My top 20 picks for Abu Dhabi Film Festival 2012
The Abu Dhabi Film Festival is back this month (can't believe it's been a year already since I went to the last one). This year, the festival has a new director, Ali Al Jabri, replacing Peter Scarlet who was the festival director since 2009.
The screenings this year have moved back to the Emirates Palace Hotel, after last year's stint at the Fairmont Bab Al Bahr which I think people found difficult to go back and forth for screenings. Majority of the screenings though will continue to take place at VOX Cinemas in the Marina Mall, which is close to the Emirates Palace Hotel. Sadly, no screenings happening at my favourite Abu Dhabi Theatre.
I went through all the schedule and I must say the film I'm most excited to see is an oldie, the wonderful Singing in the Rain. I've always wanted to see it on the big screen and this is my chance. The other films I'm very excited about are: Ai Wei Wei Never Sorry, A Hijacking, In Search of Sand and Oil, No, Room 237 and Stories We Tell.

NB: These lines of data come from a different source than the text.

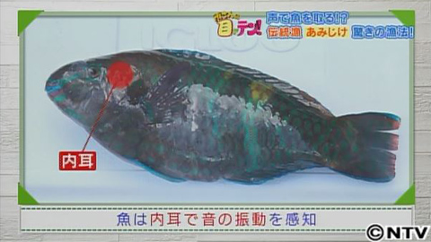 でも一体、なぜ魚は網に追い込まれたのでしょうか。実は、魚には音を感知する器官があるんです。魚の頭の中には、人間の耳のような働きをする内耳(ないじ)と呼ばれる部分があり、そこで音を感じ、認識しているのです。
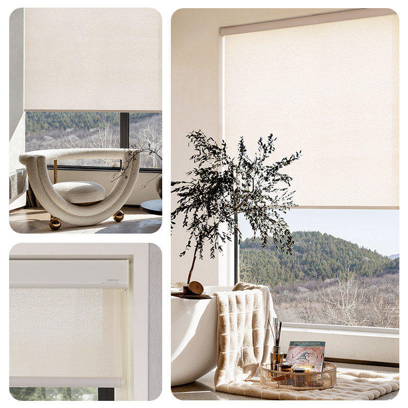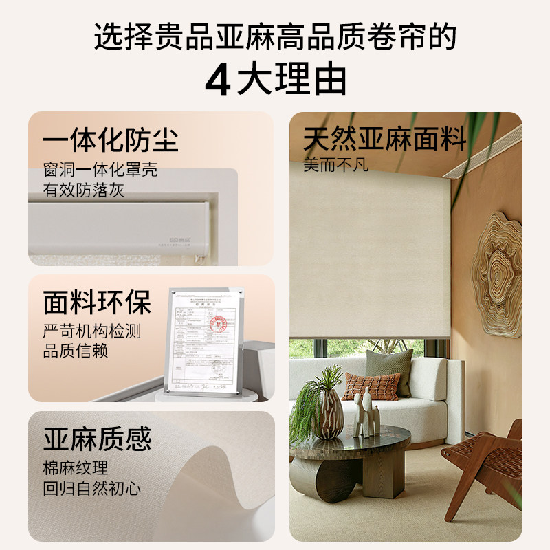 轻奢亚麻质感卷帘窗帘厂家定制可升级电动
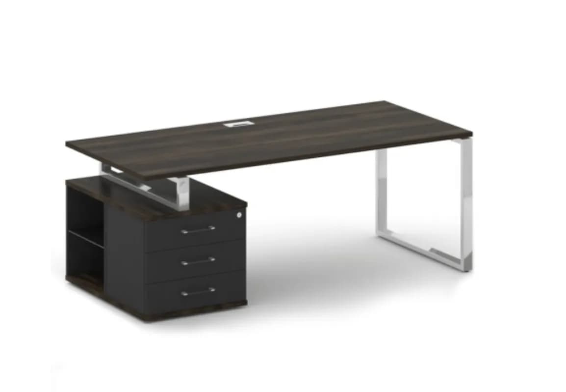 Стол руководителя с опорной тумбой , левый 200 дуб мали/антрацит
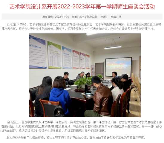 首先,Beat365唯一官方网站对日常教学巡查工作和院系领导督导听课情况进行了检查,由于受疫情影响,Beat365唯一官方网站课程80%都属于阶段性授课的理论实践课程,在教务处的大力协调下教学秩序井然,院系领导督导线上线下听课近20余次,教学效果良好。Beat365唯一官方网站召开党政联席会议和教学工作会议学习了新一轮审核评估指标体系及相关政策文件学习,积极推进专业建设和专业认证工作,并对2022级人才培养方案进行了修订,对配套教学大纲进行了初步修订。美术学、视觉传达设计专业积极加大备课投入,全部使用新教案模板,在过程性材料搜集整理方面,全部使用新版非笔试考核材料考核方案。

Here's my list of top 20 picks in alphabetical order and see you at the festival, front row and centre.
Ai Wei Wei Never Sorry
Winner of a Special Jury Prize at the Sundance Film Festival, this is a lively, riveting portrait of China’s most famous international artist – and one of the government’s most outspoken critics.
Schedule and ticket information.
Approved for Adoption (Couleur de peau: Miel)
Graphic novelist Jung is one of 200,000 adopted Koreans spread across the world. This mix of animated documentary and live footage, hailed as a Korean Persepolis, follows his journey to his birthplace to discover his roots.
Schedule and ticket information.
Somewhere in Between (Araf)
Zehra and Olgun, two young souls caught between the past and an uncertain future, are waiting for a chance to escape from their dull lives in this highly anticipated film by Turkish auteur Yeşim Ustaoğlu (Pandora's Box).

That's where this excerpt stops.